2. The method as defined by claim 1, wherein said H.264 feature signals include H.264 macro block modes.

3. The method as defined by claim 1, wherein said H.264 feature signals include H.264 motion vectors.

4. The method as defined by claim 2, wherein said H.264 feature signals include H.264 motion vectors.

5. The method as defined by claim 2, wherein said derived MPEG-2 feature signals include MPEG-2 macro block modes mapped from said H.264 macro block modes.

6. The method as defined by claim 5, wherein said mode mapping includes selection of MPEG-2 macro blocks based on prediction error analysis.

7. The method as defined by claim 6, wherein said prediction analysis comprises determining the mean and variance of prediction error.

8. The method as defined by claim 3, wherein said derived MPEG-2 feature signals include MPEG-2 motion vector seeds derived from said H.264 motion vectors.

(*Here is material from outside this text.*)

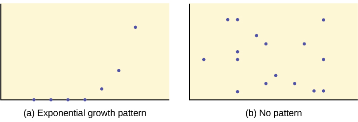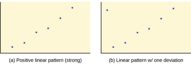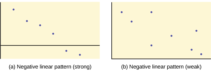When you look at a scatterplot, you want to notice the overall pattern and any deviations from the pattern. The following scatterplot examples illustrate these concepts.

9. The method as defined by claim 3, wherein said derived MPEG-2 feature signals include MPEG-2 motion vector search ranges derived from said H.264 motion vectors.

10. The method as defined by claim 3, wherein said derived MPEG-2 feature signals include MPEG-2 motion vector search windows derived from said H.264 motion vectors.

11. The method as defined by claim 1, wherein said decoding, deriving, and producing steps are performed using a processor.

12. A method for receiving first video signals encoded with a first relatively higher compression standard and transcoding the first video signals to second video signals encoded with a second relatively lower compression standard, comprising the steps of:

decoding the encoded first video signals to obtain uncompressed first video signals and to also obtain first feature signals of said encoded first video signals;

deriving second feature signals from said first feature signals; and

producing said encoded second video signals using said uncompressed first video signals and said second feature signals.

13. The method as defined by claim 12, wherein said first feature signals include first macro block modes.

14. The method as defined by claim 12, wherein said first feature signals include first motion vectors.

15. The method as defined by claim 13, wherein said first feature signals include first motion vectors.

16. The method as defined by claim 13, wherein said derived second feature signals include second macro block modes mapped from said second macro block modes.

17. The method as defined by claim 16, wherein said mode mapping includes selection of second macro blocks based on prediction error analysis.

18. The method as defined by claim 17, wherein said prediction analysis comprises determining the mean and variance of prediction error.

19. The method as defined by claim 14, wherein said derived second feature signals include second motion vector seeds derived from said first motion vectors.

20. The method as defined by claim 14, wherein said derived second feature signals include second motion vector search ranges derived from said first motion vectors.

21. The method as defined by claim 14 wherein said derived second feature signals include second motion vector search windows derived from said first motion vectors.

22. The method as defined by claim 12, wherein said decoding, deriving, and producing steps are performed using a processor.